The number of authors is astonishing - over 50 individuals plus a consortium of some kind, all from the UK apart from two - one from the Republic of Ireland, the other from Sweden.

The whole thing will be interpreted and puffed off in a way that saves the NHS money and screws patients, I'm sure of it.

Potential perk of taking part is that you can ask them to give you your genetic data if you wish... I imagine that'd be more accurate than 23andme

If I had given the reliability of the data any thought at all I would have guessed completely the opposite. I would expect a commercial company with years of experience would know more about genetic testing than a group of academics with only theoretical knowledge and little or no practical experience. But maybe I'm just too cynical.
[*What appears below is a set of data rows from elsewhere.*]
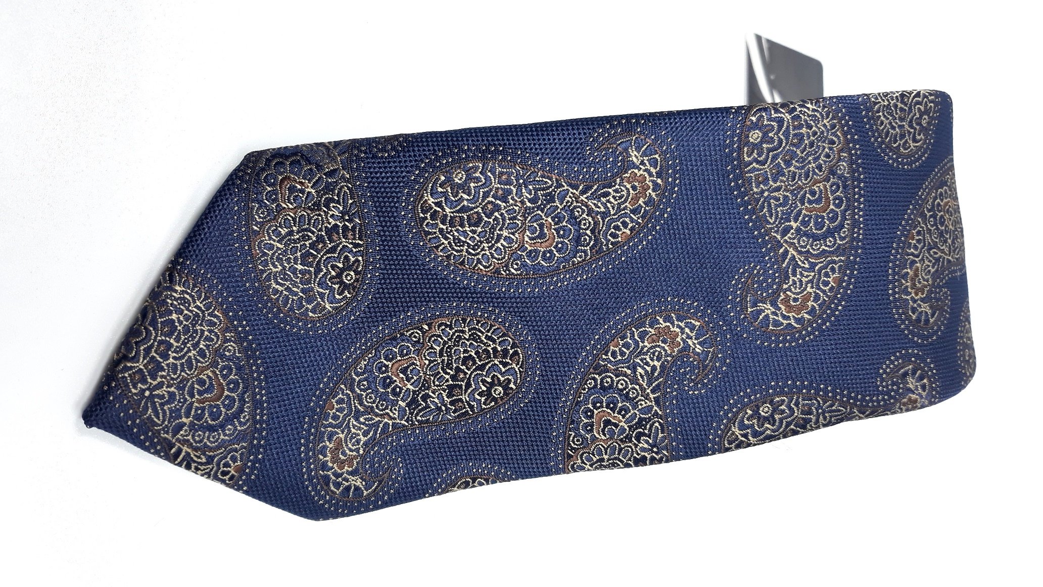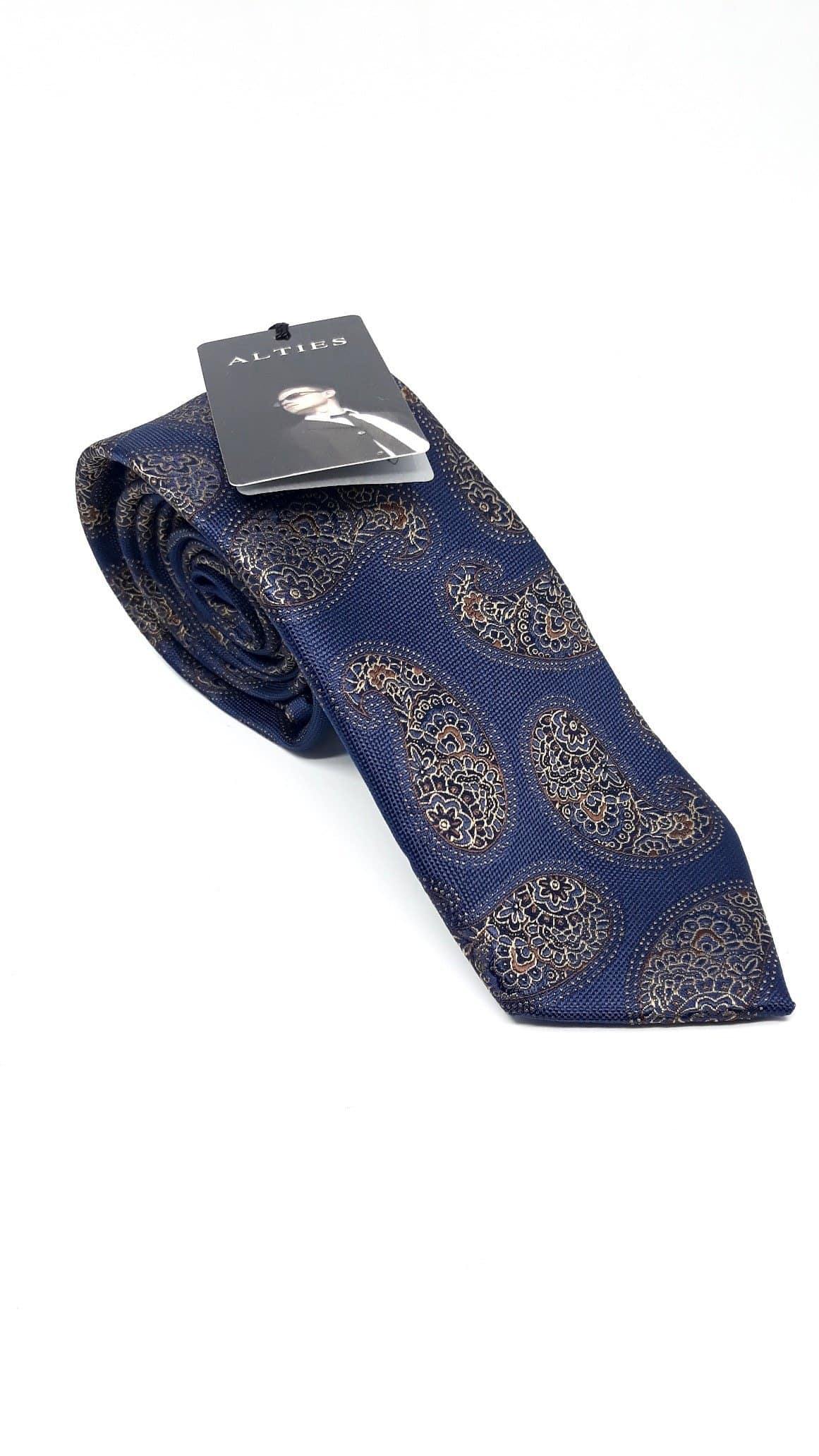 Elegancki krawat męski firmy Alties o klasycznym i modnym kroju, granatowy w złoty wzór. Krawat o klasycznym i modnym kroju, wykonany ze sztucznego jedwabiu. Jest on bardzo ważnym elementem ubioru, dzięki któremu każdy mężczyzna może wnieść do swojego stroju odrobinę koloru. Kompletując garderobę należy pamiętać, aby krawat tworzył spójny zestaw z marynarką lub koszulą. Jego unikatowy wzór z pewnością spełni swoją funkcję w połączeniu z różnymi tkaninami w kilku wariantach kolorystycznych. Ponadto wyraźne i mocne akcenty zdobnicze dodadzą charakteru i pozwolą wyróżnić się stylem. Krawat można dobrać zarówno do karnacji, garnituru jak i temperamentu.
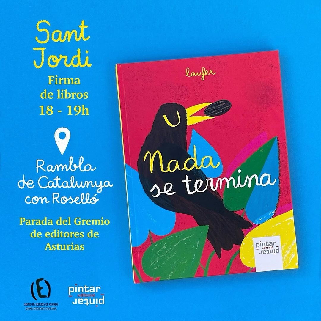 Allí podrás encontrar varias de nuestras publicaciones, entre ellas el álbum infantil ilustrado «Nada se termina» de Laura Fernández Arquisola (Laufer), que nos visitará para firmar y dedicar ejemplares de 18 a 19 h
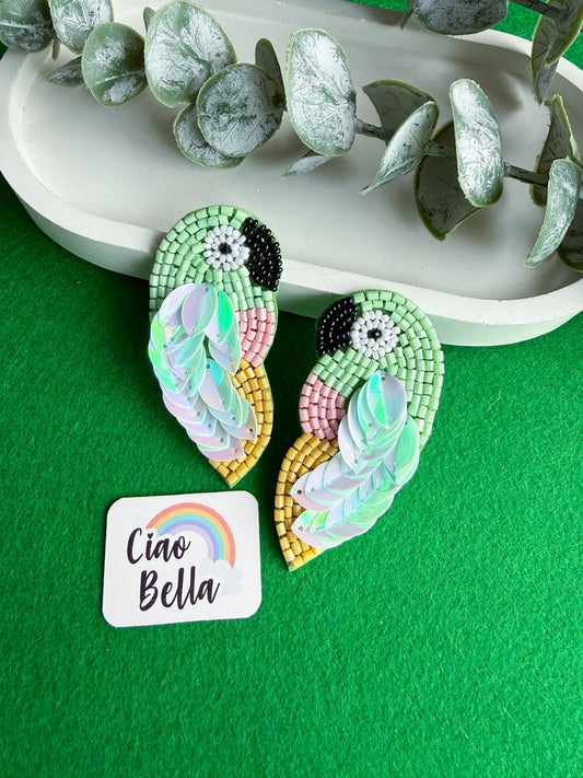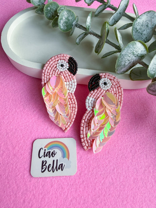 Blush Pink Parrot Handmade Beaded Bird Earrings
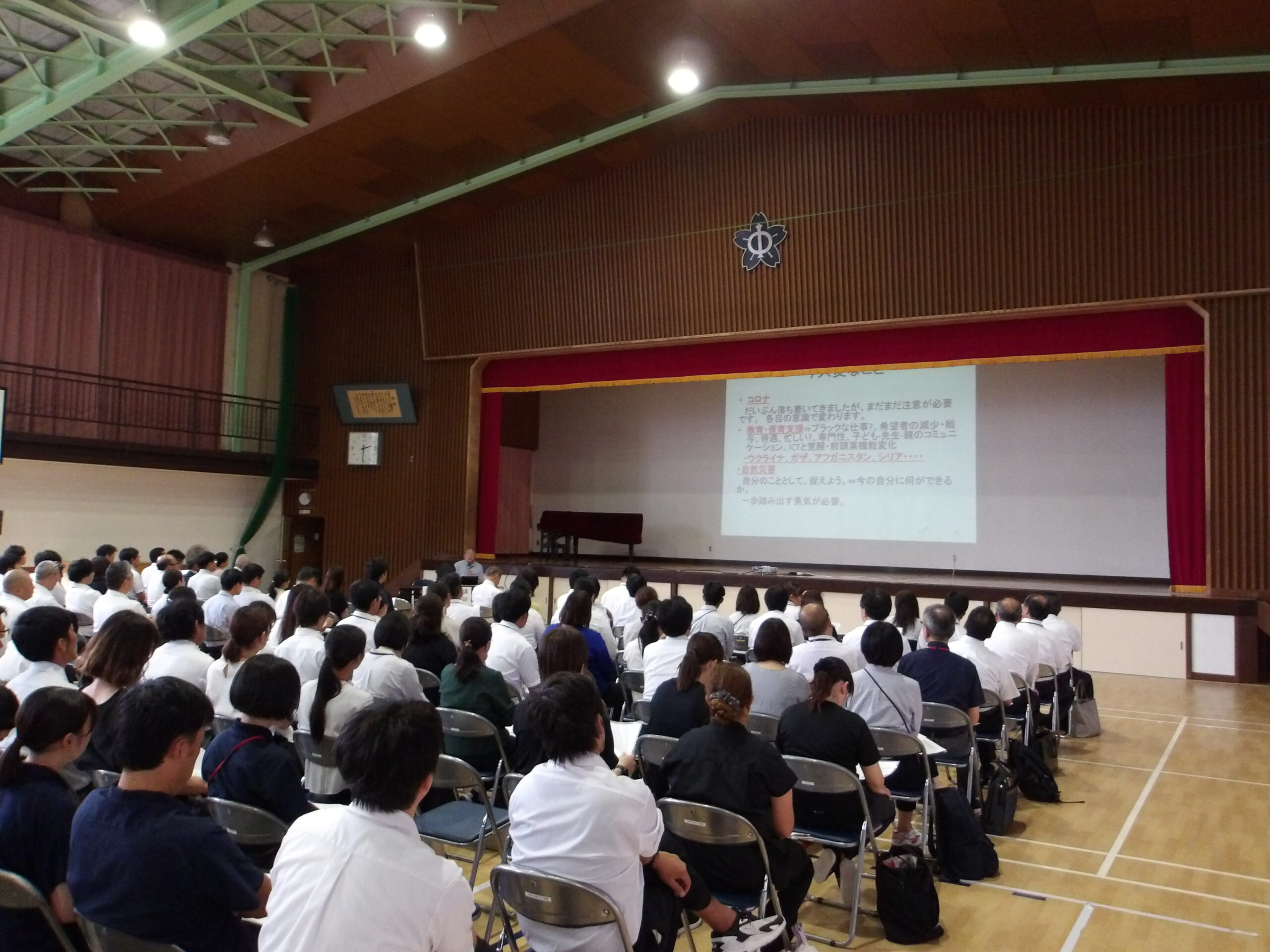 綾部支部10月8日(水)綾部市学校教育研究会秋季研究会を開催しました。全体会では、関西国際大学の中尾繁樹先生にお越しいただき、「みんなの特別支援教育~子どもの見方・指導の仕方~」と題して講演をしていただきました。後半は、各教科部会をもち、授業研究会に向けての事前研究を行ったり、学年グループに分かれて、教材研究を行ったりしました。講演で学んだこと、教科部会で協議したことを、2学期・3学期の教育活動に活かしていきたいと思います。
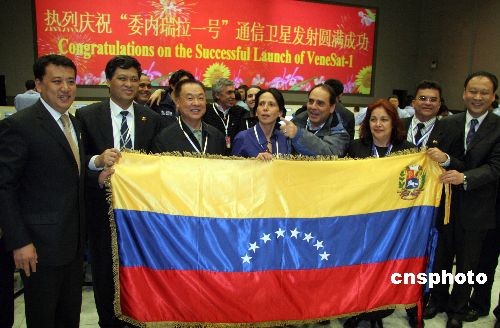 中委雙方在西昌衛星發射中心指控大廳共同慶祝衛星發射成功。 北京時間10月30日凌晨零時53分,中國在西昌衛星發射中心用“長征三號乙”運載火箭,將“委內瑞拉一號”通信衛星成功送入預定軌道。這是中國首次向拉丁美洲用戶提供整星出口和在軌交付服務。中新社發 孫自法 攝
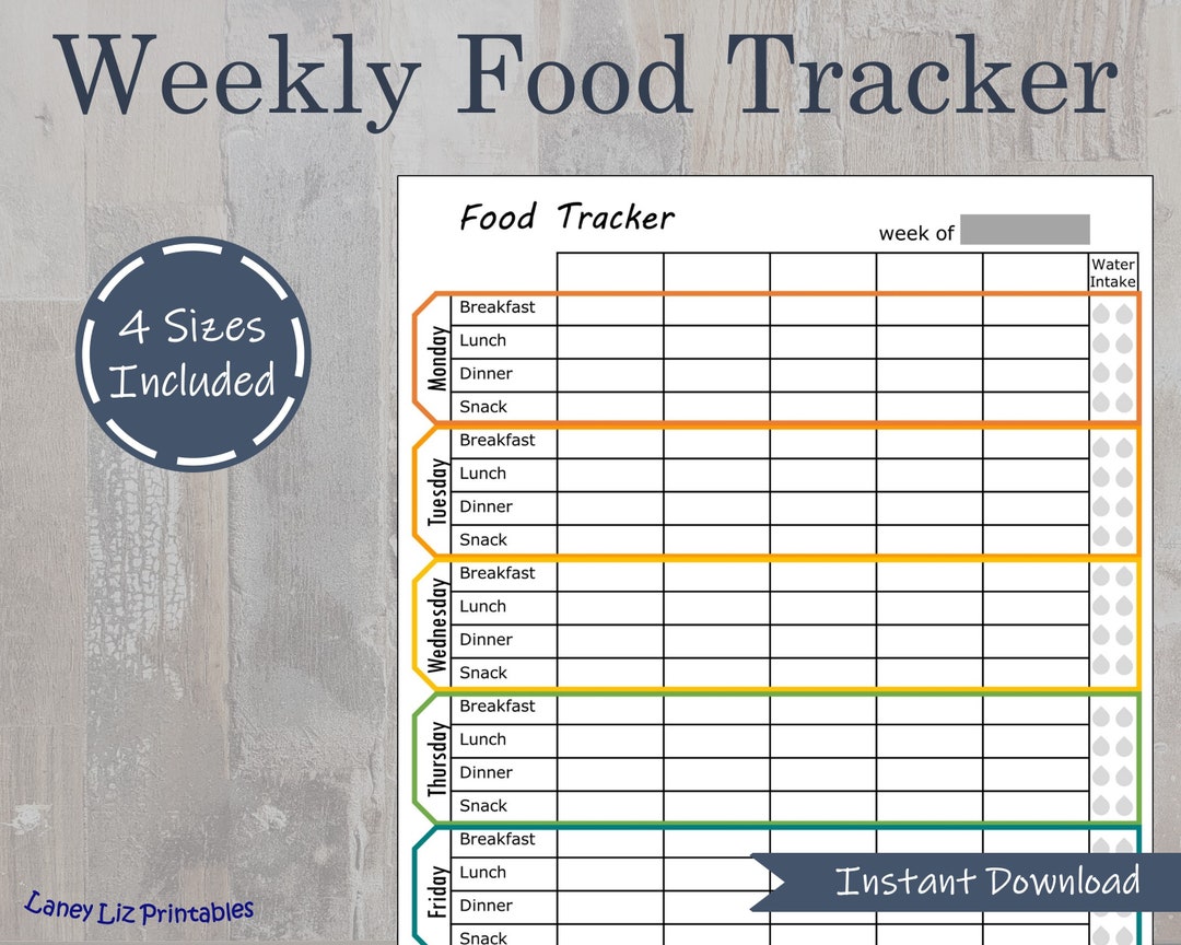 Food Tracker Printable Weekly Food Log Healthy Eating Journal Etsy
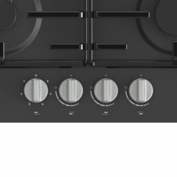 Ta kuhalna plošča vključuje varovane plinske gorilnike za varno uporabo, ergonomske gumbe za enostavno upravljanje in emajlirane nosilne plinske rešetke, ki so trpežne in enostavne za čiščenje. Kuhalna plošča je črne barve, kar se lahko prilagaja različnim kuhinjskim slogom.
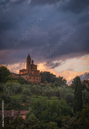Photo contains sunset view on Basilica dell Osservanza in Siena - Italy. October 2022
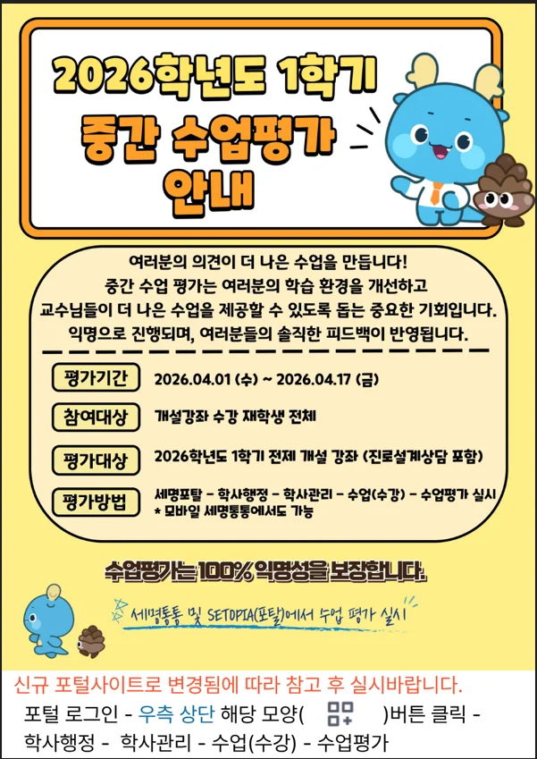 ★ 전체 재학생 ★ 2026학년도 중간수업평가 참여 경로 변경 안내
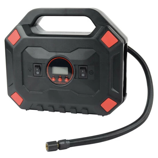 – Dieser kompakte Brüder Mannesmann 12 V Kompressor ist ideal zum Aufblasen von Fahrzeugreifen und anderen aufblasbaren Gegenständen. – Dank der 2 im Lieferumfang enthaltenen Ventiladaptern kann er nicht nur für Autoreifen verwendet werden, sondern auch für andere aufblasbare Gegenstände rund ums Haus. – Er verfügt über eine integrierte LED-Arbeitslampe, einen maximalen Druck von 7,6 bar und wird über die 12-V-Zigarettenanzünderbuchse Ihres Autos mit Strom versorgt.
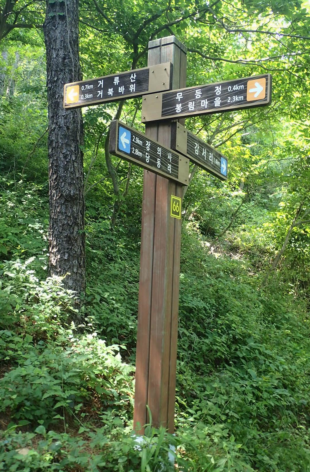 거북바위를 오른쪽으로 경유하여 거류산으로 올라가는 갈림길이며,
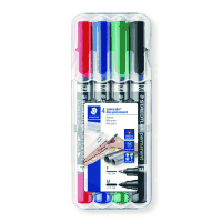 用途に応じて選べるツインチップ。●インク色:4色セット●インク種類:油性インク●本体長[mm]:141●軸寸法(径)[mm]:14●セット内容:赤、青、緑、黒
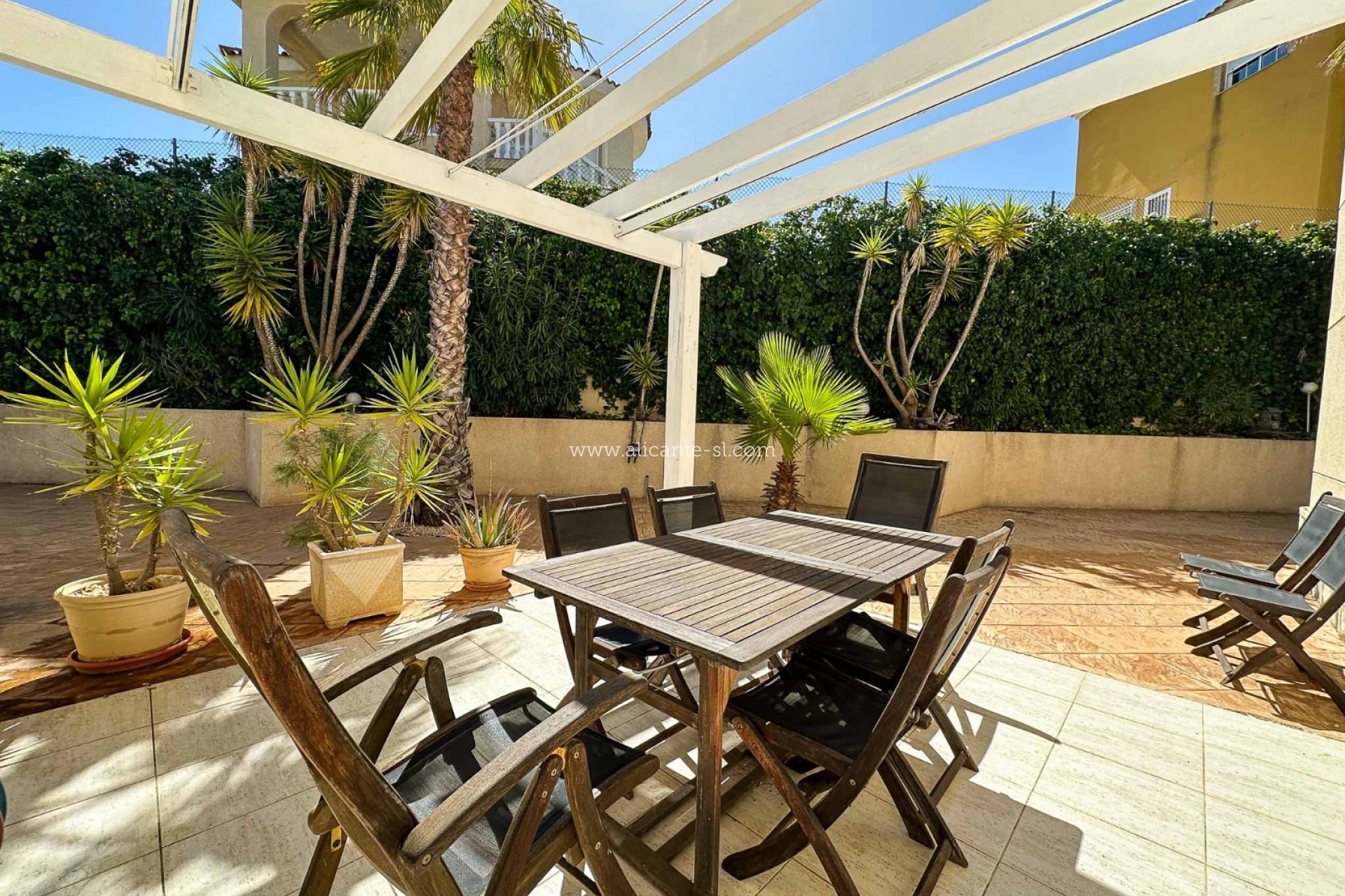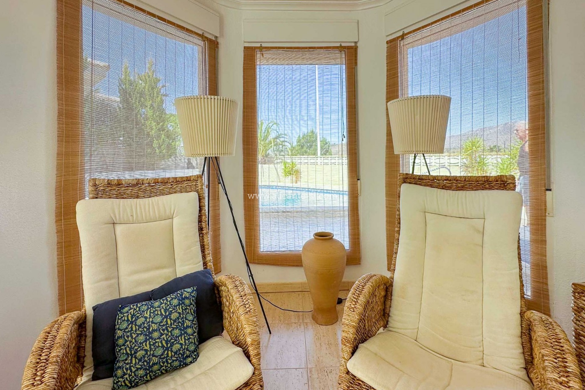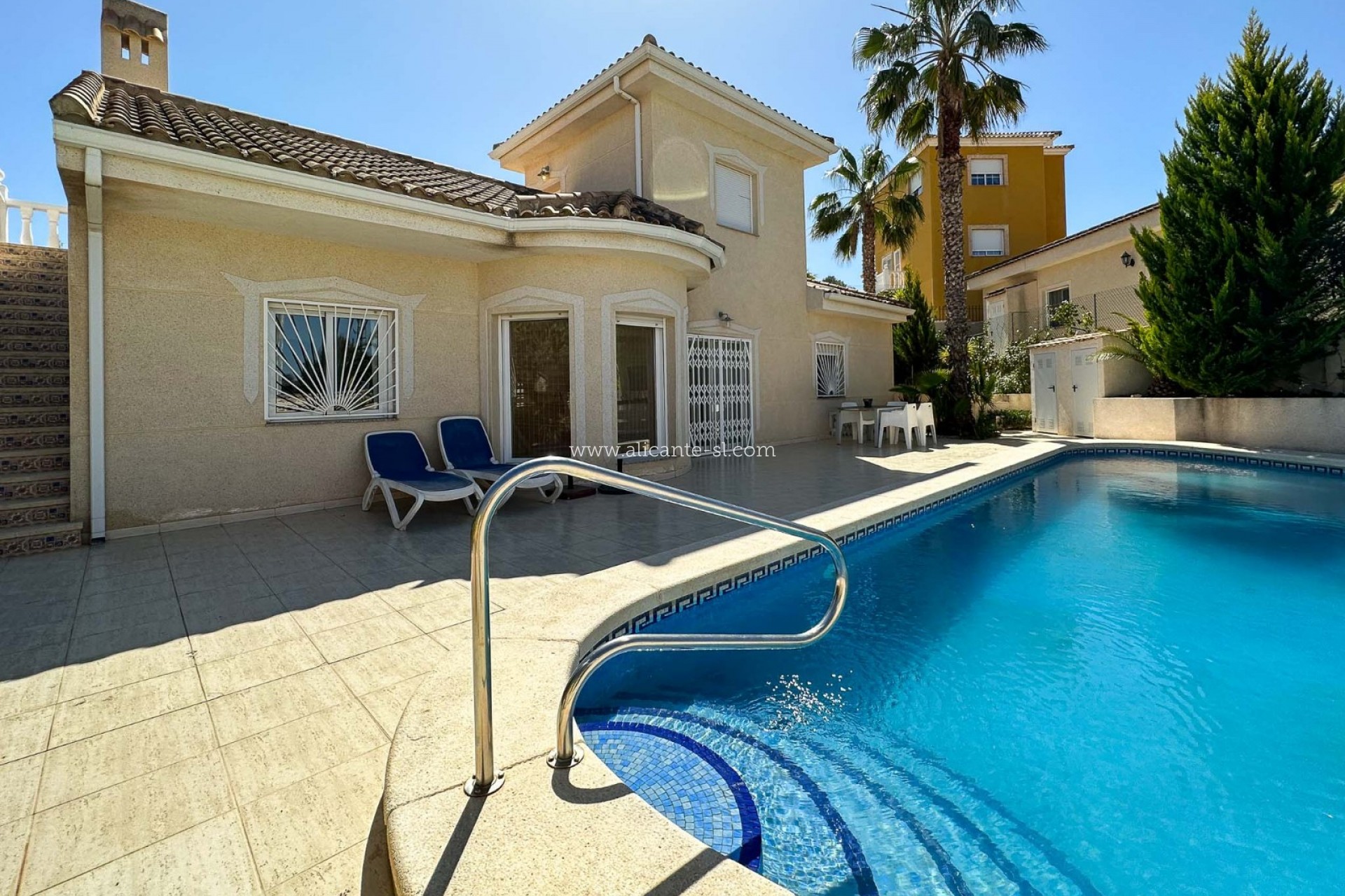 Esta villa impecablemente presentada se distribuye en 2 plantas. En la planta baja hay un gran salón/comedor, cocina totalmente equipada, 3 dormitorios, 2 baños (1 principal en suite), vestíbulo de entrada y salón acristalado con vistas al jardín y la piscina.

Is this what's called a GWAS?

What is a GWAS?
 
If by that they mean at some stage in a person's life they see a doctor because they are depressed or anxious, that figure doesn't surprise me. They are including life events as causes. Most people suffer bereavement, relationship breakdown, loss of job etc at some stage in their life, and I wouldn't be at all surprised if quite a few seek some medical help to get through it, whether referral for counselling or medication - I have.

That is different from what this study was looking for I think - people with a lifelong depression and/or anxiety disorder that is chronically disabling. That would be a lot less than 30%.
The effort going into diagnosis of depression and anxiety can sometimes be shockingly lazy. And it's rarely overturned even when an actual explanation is found, instead turned into either the association or risk factor that BPS folks love to point at.

I once saw an ENT to check for explanations for dizziness and lightheadedness, mentioned my tinnitus and the doc said it's probably anxiety. Zero questions asked. No idea if that's the conclusion on my file but I would not be surprised.

On the anxiety personality spectrum, I range somewhere between a capybara and a highly sedated capybara. Yet it is probably in my files from multiple sources. Likely not as MDD or GAD but still, a lot of it is noise that should not be there and must factor in statistics in some way.
 
Are they providing participants with their complete whole-genome sequence data?

It will be interesting if they find anything with high sensitivity, but I doubt they will.